- _Task instructions_
Each line from the one containing "Convite à graduação" to the last line of the listing below is to be duplicated exactly, and no picture is to be carried over.

- _Recorded information_
======
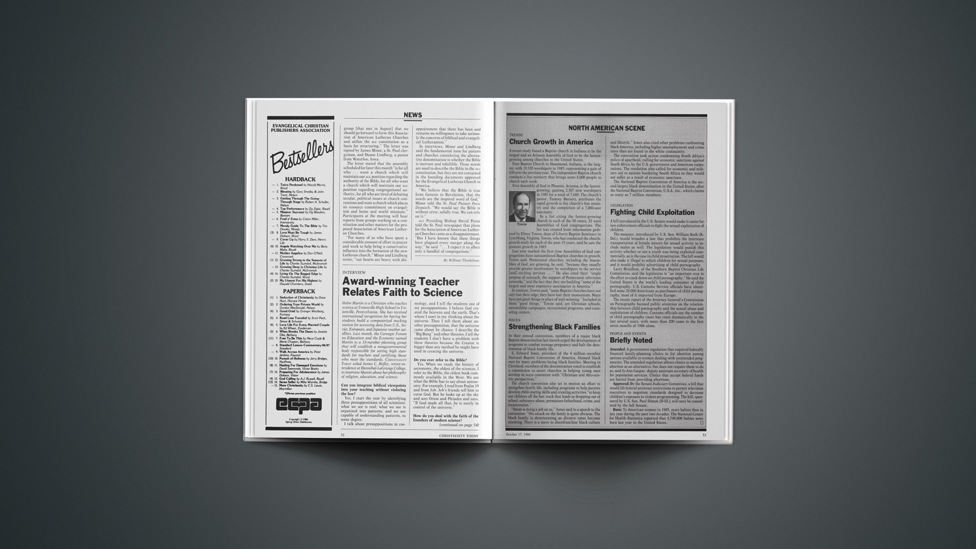 In a list citing the fastest-growing church in each of the 50 states, 32 were Assemblies of God congregations. The list was created from information gathered by Elmer Towns, dean of Liberty Baptist Seminary in Lynchburg, Virginia. Towns, who has conducted the church-growth study for each of the past 15 years, said he saw the greatest growth in 1985.
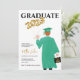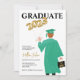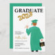 Convite à graduação para festa de formatura de cara. Retrato masculino formando em boné e vestido verdes, cabelos vermelhos e balões de ouro 2023. Personalize todos os detalhes de seu formando para um convite exclusivo de graduação.
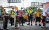 Menteri Perhubungan Budi Karya Sumadi (kedua kiri), Gubernur Jawa Tengah Ganjar Pranowo (kedua kanan), Direktur Jenderal Bina Marga Kementerian PUPR Hedy Rahadian (kanan) dan Wali Kota Solo Gibran Rakabuming Raka (kiri) menghadiri acara Peletakan Batu Pertama Pembangunan Jalur Rel Ganda dan Rel Layang Simpang Joglo di Solo, Jawa Tengah, Sabtu (8/1/2022). Kementerian Perhubungan akan membangun jalur rel kereta api ganda tahap I sepanjang 10 km dari Stasiun Balapan sampai Kalioso dengan anggaran sekitar Rp920 milliar yang dilengkapi konstruksi elevated rail atau rel layang di simpang Joglo untuk mengatasi kemacetan. (FOTO : Antara/Mohammad Ayudha)
======
- _Solution to the problem_
 Convite à graduação para festa de formatura de cara. Retrato masculino formando em boné e vestido verdes, cabelos vermelhos e balões de ouro 2023. Personalize todos os detalhes de seu formando para um convite exclusivo de graduação.
 Menteri Perhubungan Budi Karya Sumadi (kedua kiri), Gubernur Jawa Tengah Ganjar Pranowo (kedua kanan), Direktur Jenderal Bina Marga Kementerian PUPR Hedy Rahadian (kanan) dan Wali Kota Solo Gibran Rakabuming Raka (kiri) menghadiri acara Peletakan Batu Pertama Pembangunan Jalur Rel Ganda dan Rel Layang Simpang Joglo di Solo, Jawa Tengah, Sabtu (8/1/2022). Kementerian Perhubungan akan membangun jalur rel kereta api ganda tahap I sepanjang 10 km dari Stasiun Balapan sampai Kalioso dengan anggaran sekitar Rp920 milliar yang dilengkapi konstruksi elevated rail atau rel layang di simpang Joglo untuk mengatasi kemacetan. (FOTO : Antara/Mohammad Ayudha)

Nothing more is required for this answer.